Não se reconhecer é desesperador. Se olhar e não encontrar quem você é ou quem você costumava ser, é profundamente confuso. Apenas perceber o que você se tornou é angustiante. Sim, porque você se tornou tudo que nunca pensou. A sua fisionomia te enganou. Nos últimos anos, arrancou os últimos traços de você, as últimas chances de se reconhecer. Os dias se passam e você refaz o seu pensamento e assim se refaz por inteiro, ao menos o inteiro do seu lado de dentro. Mas, você descobre que não é só conseguir se reconstruir, colar todos os cacos, mas você também precisa se manter assim e isso é o que determina se você se aceita ou não. Se você não está, mas se é feliz.

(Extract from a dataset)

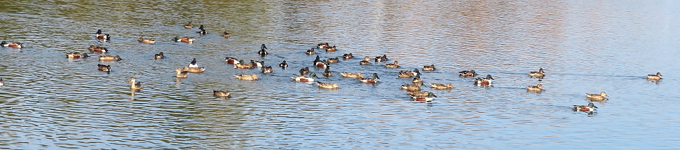 登山口がある公園の池に群れるカモ |

sábado, 24 de fevereiro de 2018

VHS





Ai que saudade da sensação de colocar a fita para rodar, da preguiça de rebobiná-la à mão, de usar uma caneta para voltá-la ouvindo aquele barulhinho “trec trec” indescritível. Meus dedos coçam só de pensar em palpar o VHS e empurrá-lo na “máquina” que ocupava todo o espaço na estante.
Ai que saudade da máquina de escrever que imprimia em tempo real [risos], de brigar consigo, porque digitou a palavra “cazuza” errado ou no lugar errado rasurando as palavras “umas sobre as outras”, perdendo o papel ofício que terá que amassá-lo para pôr outro no lugar voltando a parte giratória à mão, e começar tudo novamente.
Ai que saudade, do telefone giratório, daquele cinza tradicional, de “queimar a foto”, do preto e branco, de escrever uma carta sem remetente, ou ao menos receber uma que não seja a fatura do cartão, daquela sensação de abrir uma correspondência escrita à mão, sentir o cheiro e ver os pingos na folha quase transparente, a tinta manchada, a foto revelada.
Ai que saudade do cheiro do álcool junto com o medo da avaliação bimestral, de levantar mesmo reclamando para ir tomar banho e simplesmente não poder se negar senão ia dormir com marca vermelha na pele. 
Ai que saudade de poder começar tudo novamente, [suspiros], de ser tão prático recomeçar, de voltar, de viver tudo outra vez como em uma fita VHS, de simplesmente poder voltar à mão. Era tudo mais simples e grande, até os móveis pareciam maiores, a casa então, era uma mansão.
Hoje, as coisas estão pequenas, estão saturadas, hoje é necessário comprar “outro novo”, porque o antigo estragou rápido demais. Hoje, as marcas não são mais na pele, mas na alma e não somem mais quando acordamos, ainda estão lá, e lá elas ficam sem poder rebobinar ou recomeçar.
Hoje, tem que compactar tudo, projetar tudo para caber tudo, a mesa é daquelas que levanta e desce rente a parede para não ocupar espaço, tudo tem que estar livre (livre demais), nem bidê tem mais, até o café na mesa não tem mais espaço, nada pode ser preenchido demais. Tudo tem que ser instantâneo até o macarrão, hoje, tem “fast food” e a comida tem que ser congelada feita de uma só vez para guardar em potes para semana toda, até os sentimentos parecem que são guardados em potes, e não mais em corações. Tudo que ocupe espaço de mais é perda de tempo, e perda de tempo ninguém mais pode ter.
As conversas em bares e restaurantes entre amigos ou casais são preenchidas por smartphones de todas as marcas, mas quase todo mundo só quer de uma.
Hoje, só hoje, não tem 120, nem 280 caracteres, hoje é ilimitado com borda recheada e sem filtro. Hoje, não tem WiFi, conversem entre vocês!